4. Reverse Proxying with Caddy
To secure your API calls and enable conversational features on the web, configure Caddy (which serves takescake.com) to reverse proxy request routes to your local node app and Ollama instance if exposing endpoints.
Example Caddyfile configuration block:
takescake.com {
# Reverse proxy main Next.js App
reverse_proxy localhost:3000
# Optional: Securely expose Ollama locally for server-to-server calls
# reverse_proxy /api/ollama/* localhost:11434 {
# header_up Host {upstream_host}
# }
}
5. Nightly Database Update Loop
MTG sets and market prices change constantly.

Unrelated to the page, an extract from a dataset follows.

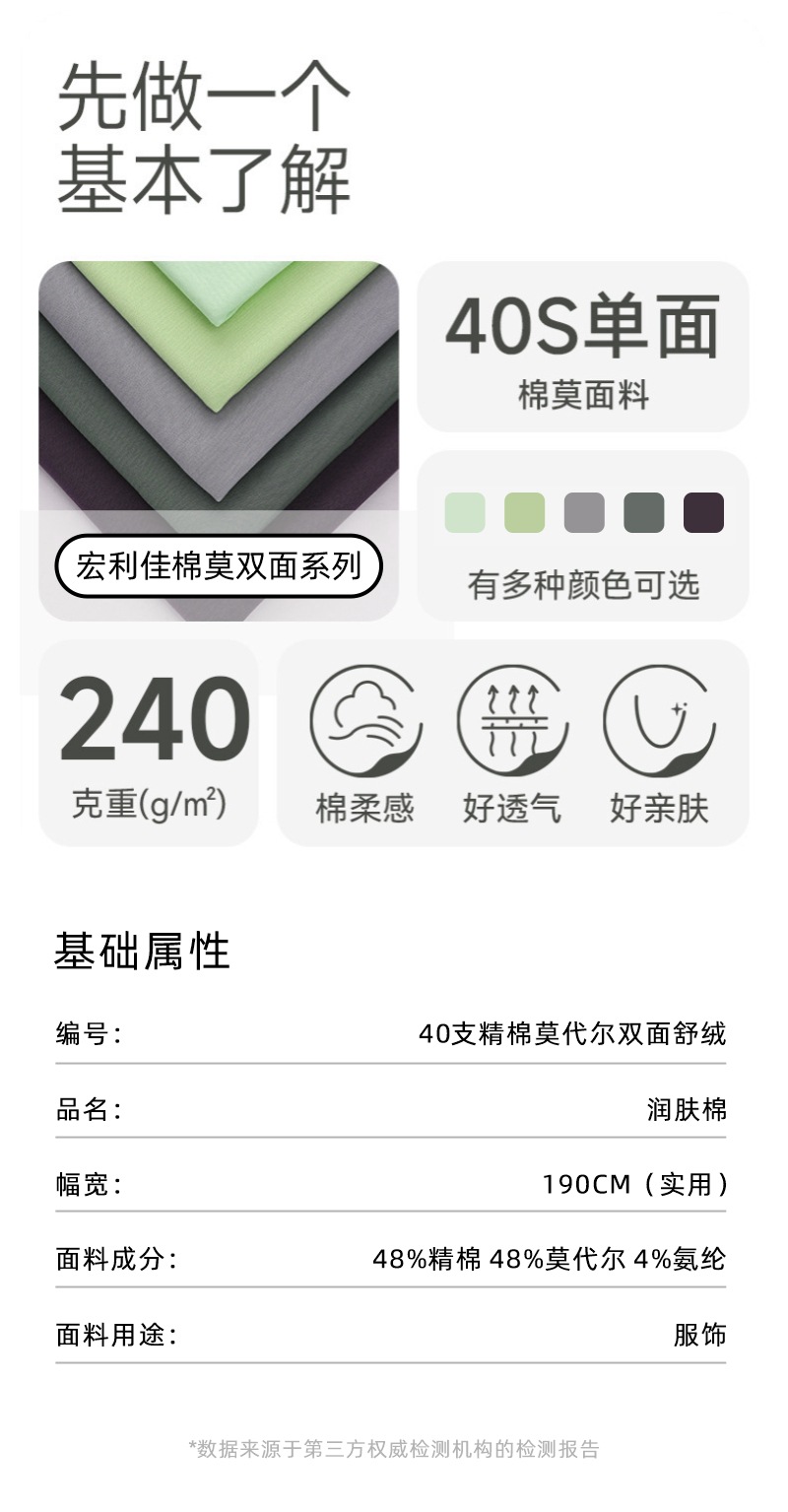 40수 코마사 모달 면 양면 니트 원단 평직 신축성 속옷 잠옷 남녀공용 항균 원단

To keep your database current:
A. Built-in Automation Scheduler (Node Server)
If running the custom server with automation enabled, add these variables to your production .env file:
AUTOMATION_ENABLED=1
AUTO_PRICES=1
AUTO_CARDS=1
AUTO_EMBEDDINGS=1
# Incremental embeds only (faster)
INCREMENTAL=1
This will run:
prices:build- hourly (caches TCGplayer prices locally totcgcsv-prices.json).cards:update- weekly on Sunday (pulls new sets from Scryfall).cards:embeddings- triggers incrementally to generate vectors for any newly released cards.

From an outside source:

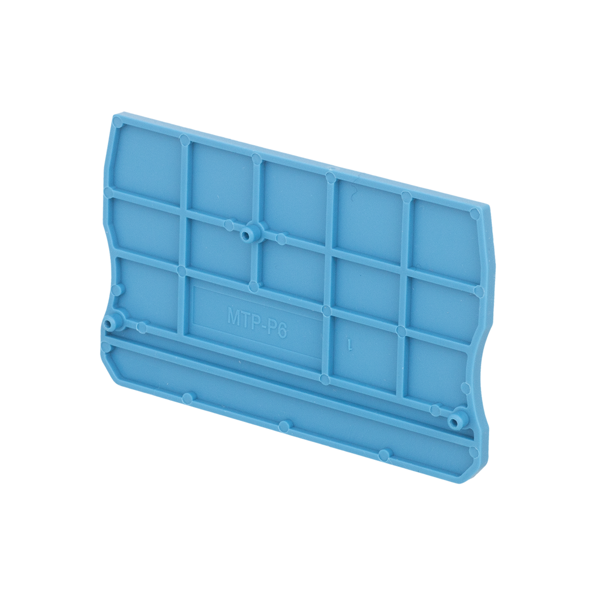 Торцевые заглушки MTP-PBL6 предназначены для закрытия токоведущей части одноуровневых push-in клемм сечением 6 мм² синего цвета.

B. Standard Linux Crontab (External)
If you prefer system cron tasks, add these jobs to your root crontab (crontab -e):
# Build prices daily at 21:10 UTC (10 mins after TCGcsv updates)
10 21 * * * cd /srv/takescake && bun run prices:build >> /var/log/takescake/prices.log 2>&1
# Update cards index weekly on Sunday at 03:00 UTC
0 3 * * 0 cd /srv/takescake && bun run cards:update >> /var/log/takescake/cards-index.log 2>&1
# Run incremental embeddings sync weekly on Sunday at 04:00 UTC
0 4 * * 0 cd /srv/takescake && INCREMENTAL=1 bun run cards:embeddings >> /var/log/takescake/embeddings.log 2>&1
By following this runbook, your production server will remain performant, up to date, and resilient under high traffic!